Si je me suis
engagée dans Alternative Libérale, c’est parce c’est pas mon genre ni de
déserter ni de pleurnicher sur ce qui ne va pas.
Je n’ai plus envie de me faire mener en bateau par des hommes
politiques médiocres et poltrons. J’ai décidé de me battre pour libérer la
société qui étouffe, à tous les niveaux, en commençant par les jeunes qui ont
bien compris que leur avenir est meilleur à l’étranger, qu’ils soient blancs ou
pas…. à Bac + 5, ou pas.
Tout le monde sait que pour changer la France, et débloquer
l’avenir professionnel de nos enfants, nous devons commencer par libérer
l’Education Nationale, celle qui déforme les élèves, les étudiants, les profs,
les économistes, les historiens, les syndicats, les journalistes, les juges, les
assistantes sociales, les artistes…bref, les futurs parents des générations de
demain.
Avec Alternative Libérale, je veux contribuer à libérer la
société en supprimant la carte scolaire qui conduit à des passe-droits, et de
bonnes écoles, selon que vs habitez les beaux quartiers ou que vs êtes fils
d’enseignant ou du concierge de l’Ecole…
Nous voulons des directeurs d’école libres et responsables
-devant les parents- du choix des professeurs afin que ceux-ci soient intéressés
à faire progresser le niveau de leurs élèves et à pouvoir eux-mêmes accomplir de
belles carrières.

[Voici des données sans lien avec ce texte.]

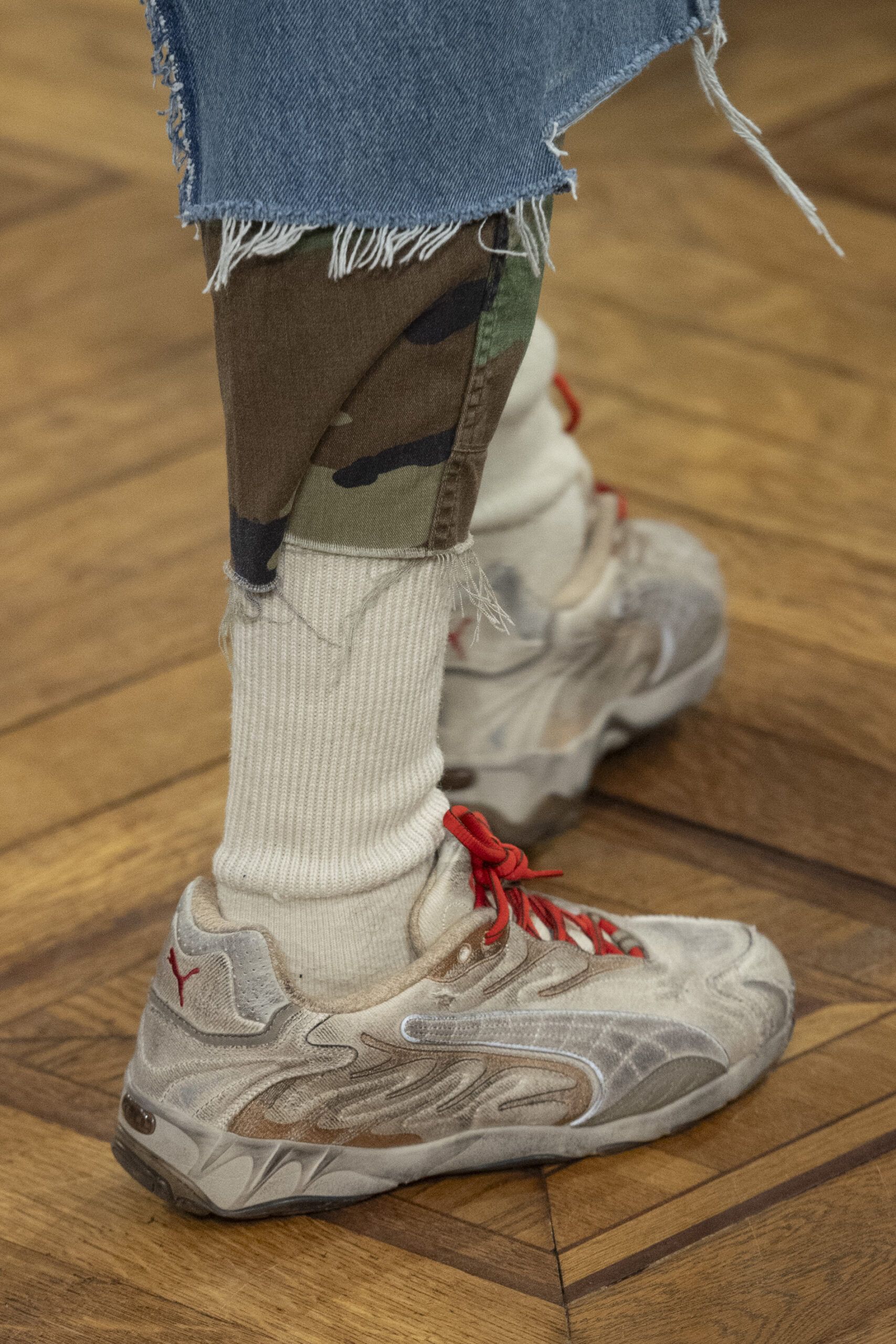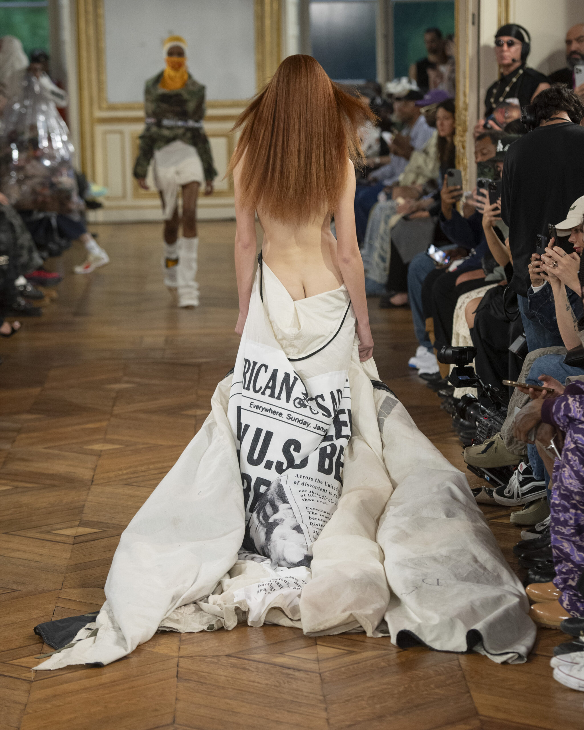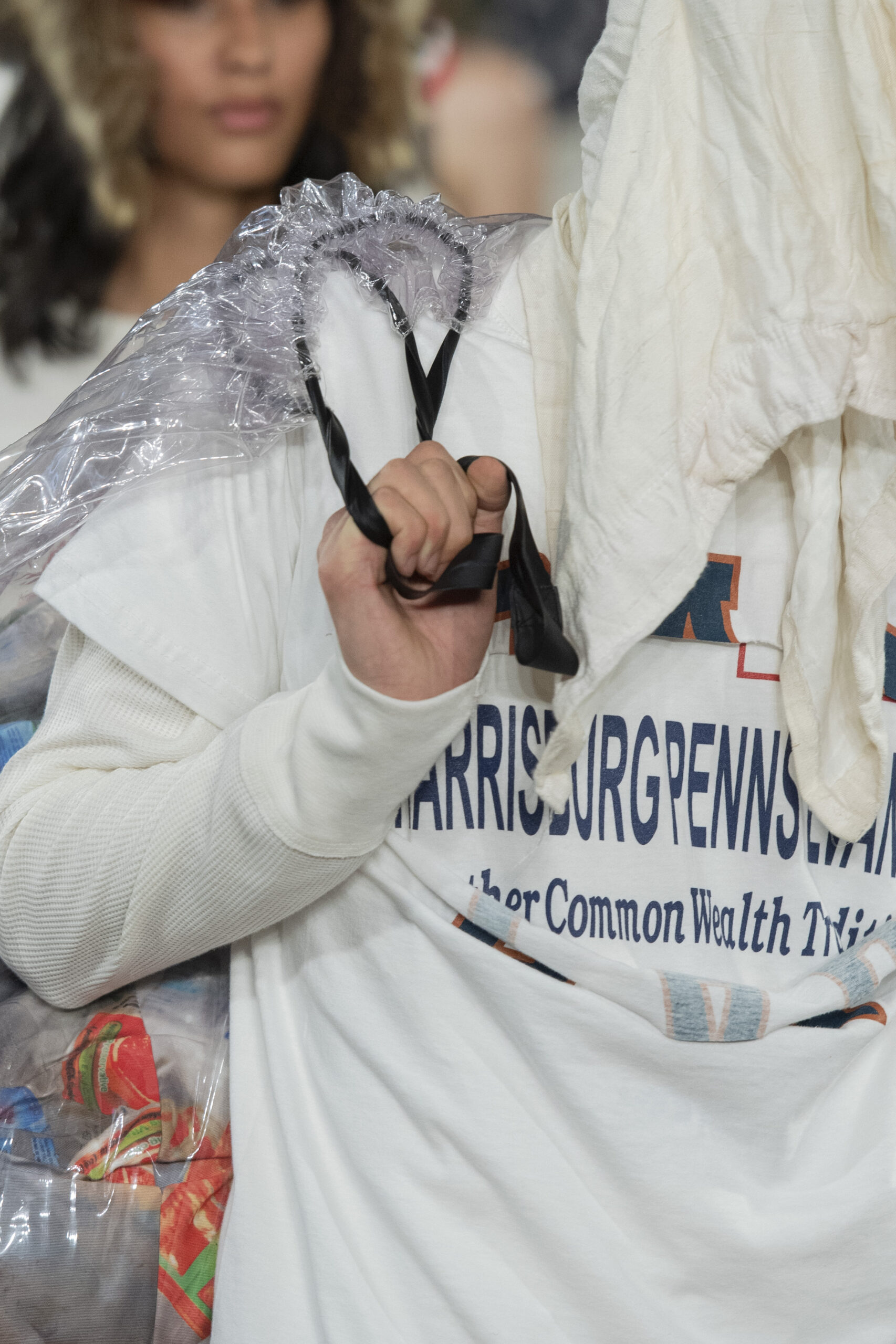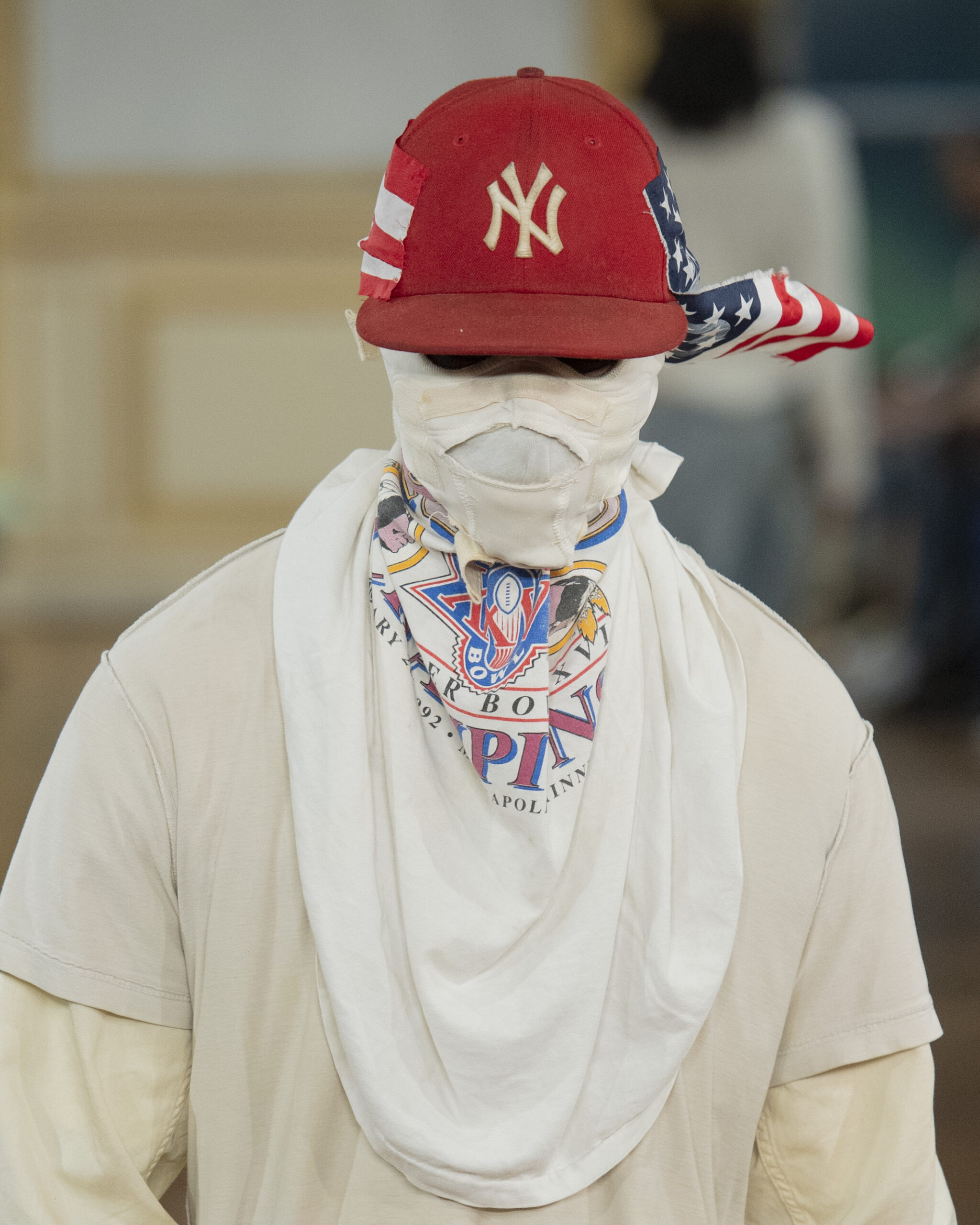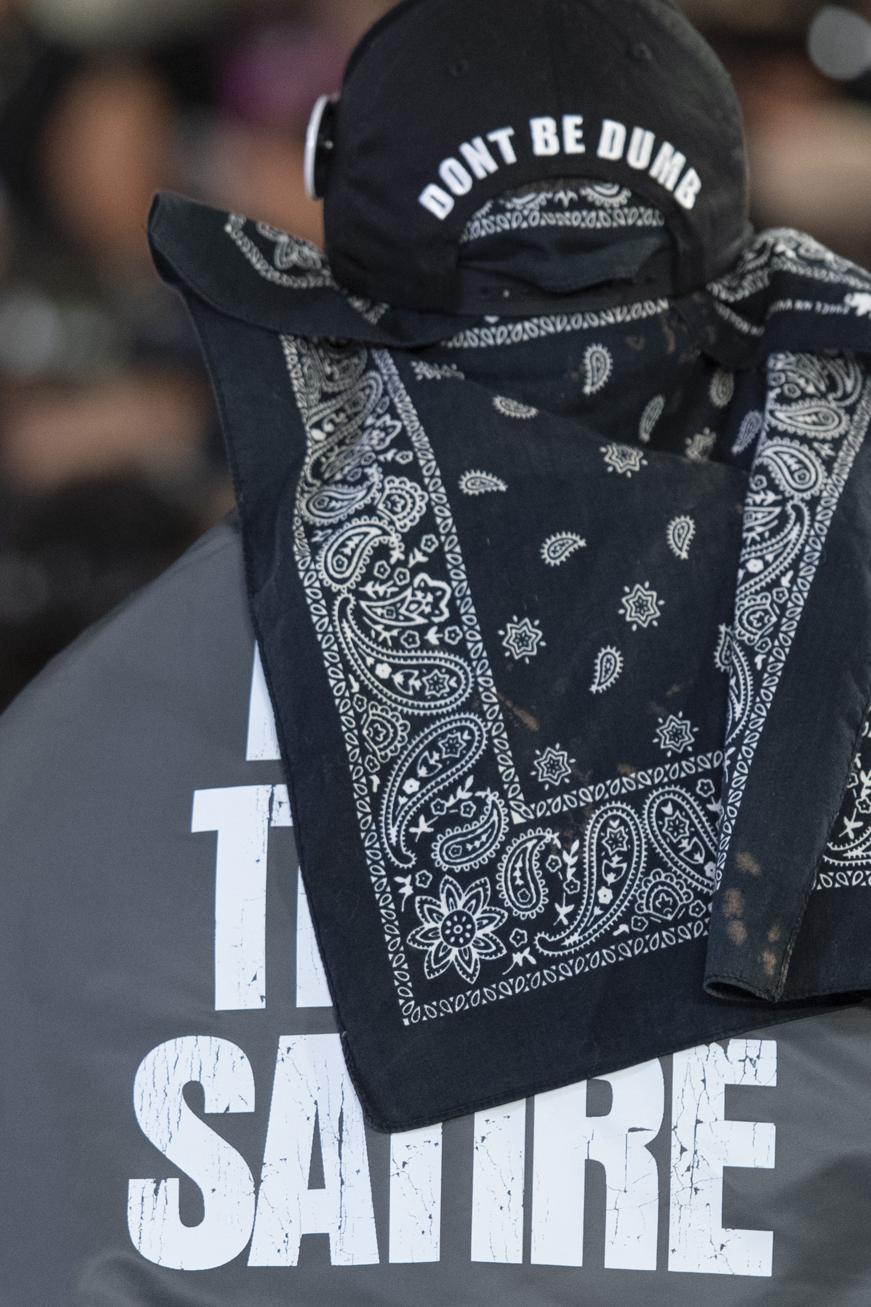 Le décor du défilé, comprenant des sacs poubelles transformés en chaises beanbag issues de la marque de mobilier Hommemade, en collaboration avec Crosby Studios, ajoutait une dimension immersive à cette expérience unique. Le défilé a été rythmé par la bande-son du prochain album d’A$AP Rocky, créant une synergie entre mode et musique.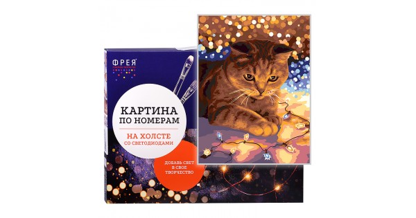 Набор для раскрашивания по номерам 40х30 "Котик с огоньками" (со светодиодами)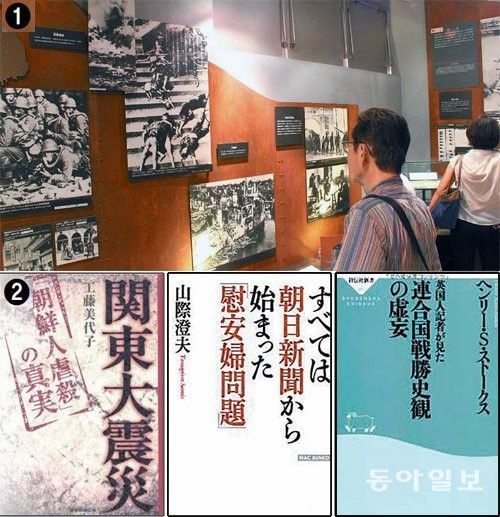 [東亜日報][関東大虐殺91周年/日本社会の右傾化の現住所】安倍の歴史観の反映のため、「ピース大阪」の展示室まで改編する①大阪市のピース大阪の1階の展示室で、観覧客たちが、かつて日本軍が行った中国人虐殺の写真を見ている。ここには、日本軍の侵略の資料が展示されているが、改装工事の後に姿を消す可能性が高い。②日本の加害の歴史を消去することに熱を上げている代表的な書籍。「関東大震災 朝鮮人虐殺の真実」では、「朝鮮人が放火と殺人を犯した」と主張している。「すべては朝日新聞から始まった慰安婦問題」では、慰安婦は売春婦だと強弁している。「英国人記者が見た連合国戦勝史観の虚妄」では、日本人の翻訳者が「南京大虐殺は捏造」と加筆して議論となった。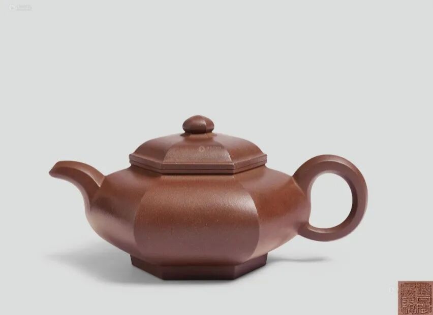 此件拍品为六面紫砂壶,该壶器形非常简练,但不失恢弘之势,表面光润,没有半点装饰,棱角分明笔直,显得十分庄重大方,质地温润细腻,握在手中柔和舒适。此壶整体清雅大方,端庄秀丽,尽显大师风范,是紫砂壶中的珍品。

Ce n’est pas le cas aujourd’hui, sauf pour certains agrégés
plan-plan…et du bon côté…
Nous voulons développer un authentique libre-choix par chaque
parent de l’école de ses enfants, car les écoles sous contrat dites privées
n’ont rien de privé et ne permettent aucun vrai choix, juste un peu plus de
discipline.
Ns voulons faire rentrer dans les écoles ce que les syndicats
français bloquent, par idéologie : le pragmatisme, la connaissance du marché de
l’emploi, la reconnaissance de la diversité des talents. Le système éducatif n’a
pas pour fonction de fabriquer des chômeurs bloqueurs de facs, mais de former
des jeunes à l’exercice d’un métier. C’est pourquoi nous demandons la fin du
collège unique, l’apprentissage dès le décrochage des études générales, des
cours d’informatique adaptés et surtout des cours de conduite qui formeront
mieux les conducteurs que les radars et les permis à + de 1000 € qu’aucun jeune
ne peut s’offrir, ni dans les banlieues, ni ailleurs. Nous demandons la
rationalisation de filières devenues folles : saviez-vous que la France abrite
la moitié des étudiants en psychologie d’Europe ? Mais qu’elle garde un numerus
clausus qui bloque la formation de médecins et infirmières, pourtant en nombre
insuffisants ? C’est bon pour la vente des antidépresseurs, mais c’est triste.
Nous sommes pour des facs autonomes qui, pour être mieux
équipées, seront peut-être plus chères, mais certainement mieux gérées. Elles
accueilleront ainsi + de boursiers bosseurs et méritants, et pas tous les
rejetés de l’école inadaptée au monde moderne que ns connaissons.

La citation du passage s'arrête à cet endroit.